In that case, rebinding the do notation via -fnoimplicit-prelude is not an option. Otherwise, you need to keep code that uses a restricted monad in a separate module, which would get annoying very quickly.

Nice one! I ran into the problem of trying to define a monad on a subcategory of the category of types rather than on the whole thing a while back, but couldn’t get anywhere with it – nice to see some solutions!

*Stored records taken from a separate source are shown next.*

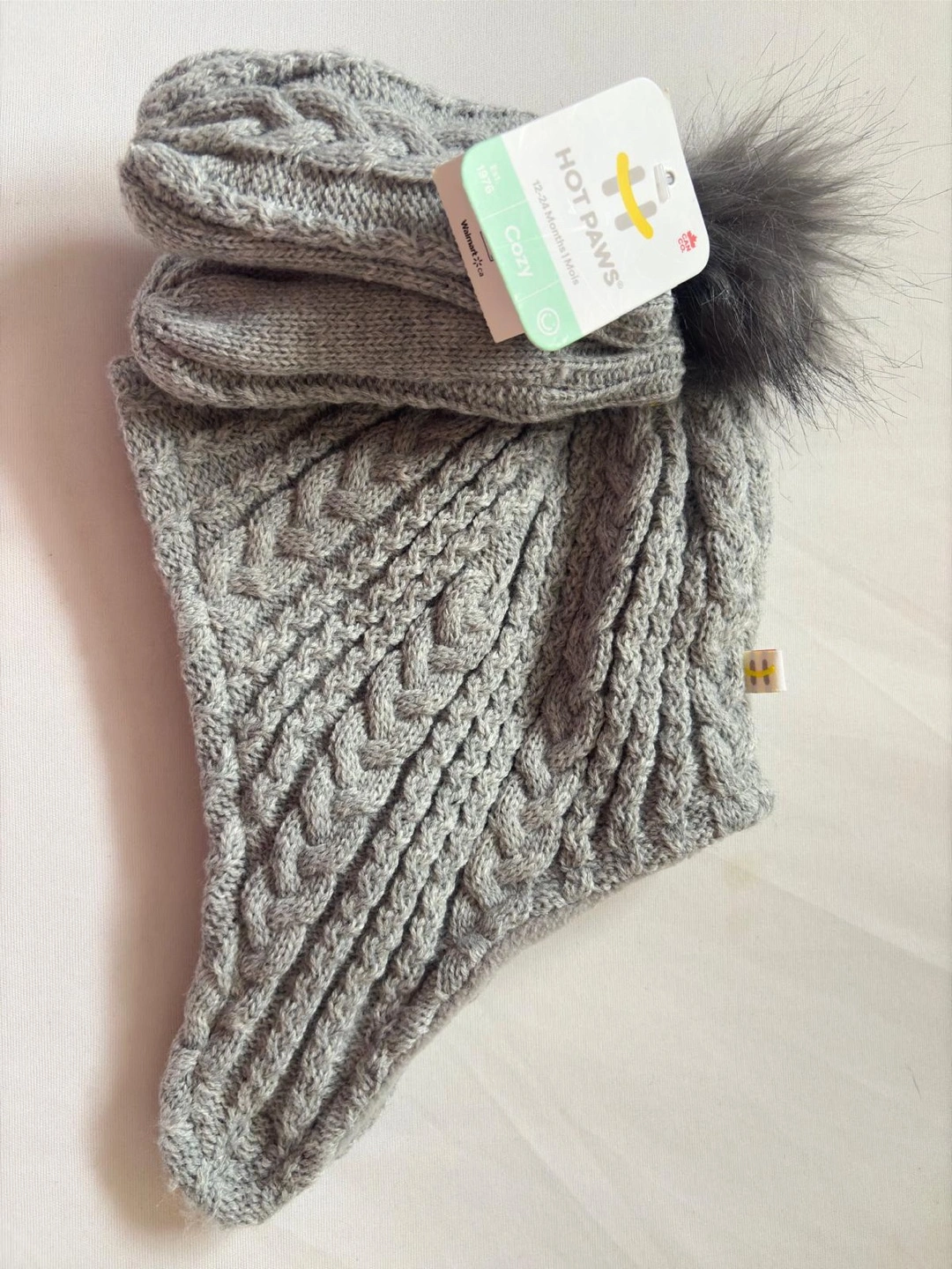 Price is negotiable. Brand new Hot Paws cozy knit hat and mittens set for toddlers aged 12-24 months. Made with soft, high-quality materials to keep your little one warm during the winter. Stylish grey design with cable knit pattern and a cute pom-pom on the hat. Perfect for cold weather or as a gift. Unused and in excellent condition with tags attached.
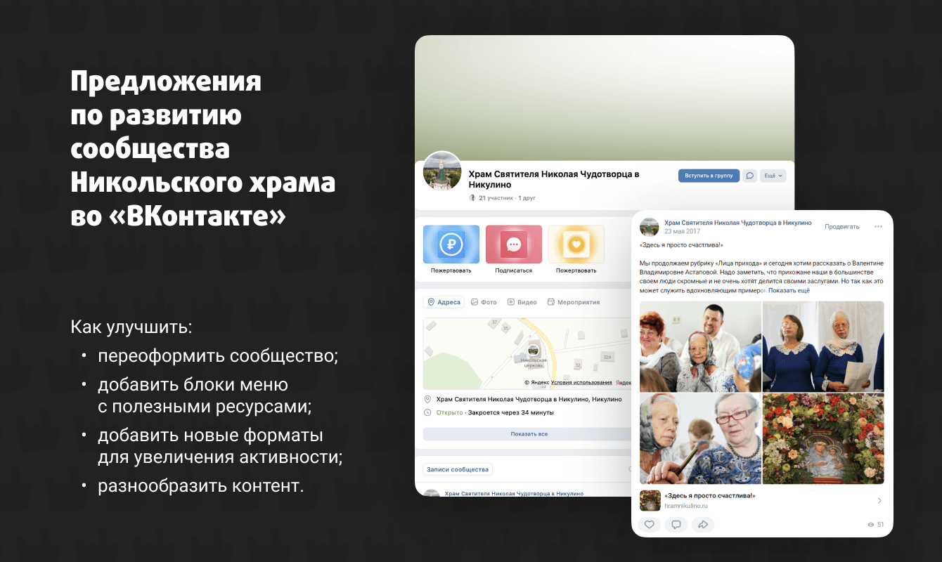 Защита стратегии прошла успешно, практически сразу контент-менеджер заказчика переоформил сообщества храма в Никулино и выпустил первые посты с новым визуалом.
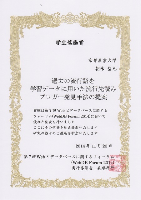 第7回 Webとデータベースに関するフォーラム(WebDB Forum 2014)が、平成26年11月19日(水)~20日(木)の日程で、東京都江東区(芝浦工業大学・豊洲キャンパス)にて開催され、約300名が参加した。先端情報学研究科M2朝永聖也君(中島研究室)の論文発表が学生奨励賞を受賞しました。
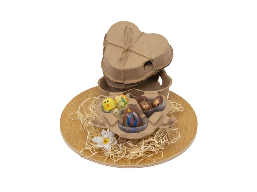 Toto velikonoční plato se třemi vejci je ideální sladká kolekce pro jarní svátky. Každé vejce je tvořeno průhlednou plastovou skořápkou, ve které se ukrývá výběr čokoládových pralinek a drobných čokoládových figurek.
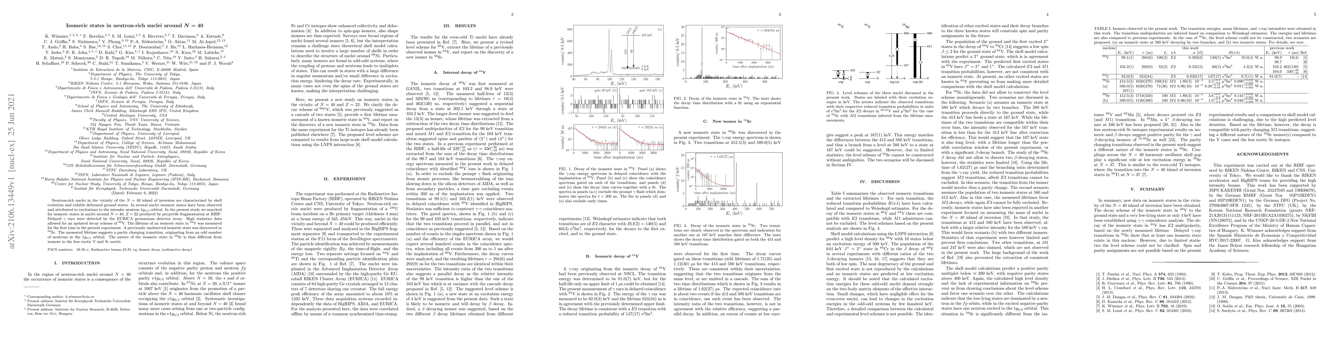 The study utilized projectile fragmentation at RIBF to produce neutron-rich nuclei around N=40, Z=22. Delayed γ rays were detected by the EURICA germanium detector array to search for isomeric states.
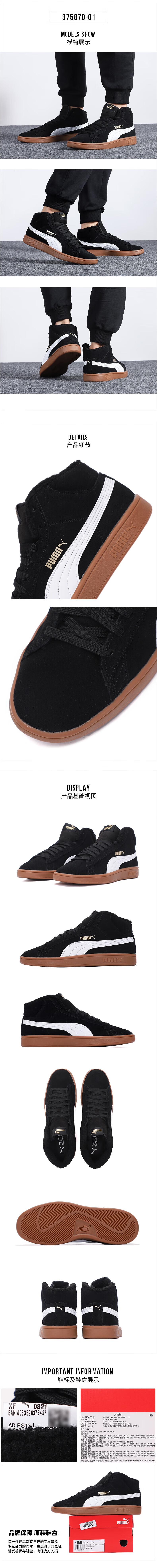 彪马(PUMA)男女鞋 新款情侣运动鞋防滑耐磨板鞋加厚中帮男女休闲鞋 375870-01 黑色-彪马白-树胶色 37.5
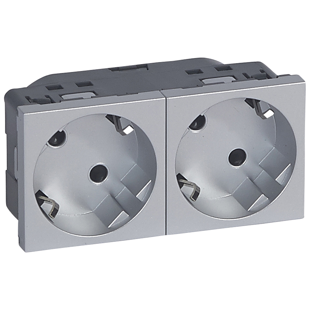 079282 Mosaic Розетка двойная 2Х2к+З немецкий стандарт 45° алюминий Legrand
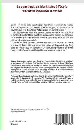 Quelle est donc cette construction identitaire dont tout le monde s'occupe aujourd'hui ? L'école n'est pas le commencement absolu de la construction identitaire mais une nouvelle manière de combiner les éléments que cette dernière induit. Quand on parle de construction identitaire à l'école, c'est en réalité le cursus scolaire entier qui est en jeu, ce temps d'apprentissage long pendant lequel l'école « construit » un sujet, une personne, en même temps qu'elle façonne un élève prêt à recevoir un enseignement.

Interesting! Scala’s support for subtyping, higher-kinded types (as of 2.5.0, or in a nightly build), and implicit arguments makes it easy to define type classes that abstract over type class contexts (such as Ord a => in the case of Set as an instance of Monad).

A simplified version (without the implicits to fully model type classes) looks like this: (full source)

Essentially, this says Monad is a type constructor that takes a type T, a type constructor MyType, and a type constructor Bound. More specifically:

PS: If you’d like more details, let me know (adriaan |at| cs/kuleuven/be) — I’ve been working on adding support for type constructor polymorphism (as we tend to call higher-kinded types etc.) to the Scala compiler over the past couple of months.

The disadvantage of this approach is, that in a function you need a (Monad2 m a b) for each transition from a type ‘a’ to another type ‘b’. Wolfgang Jeltsch gave a solution on Haskell-Cafe which only needs a constraints like (Monad1 m a, Monad1 m b). It uses type families and existential quantification for packing and unpacking the Ord dictionary.

http://www.haskell.org/pipermail/haskell-cafe/2008-March/041084.html

Here an interactive link to Monad instance for Data.Set, again on Haskell-Cafe.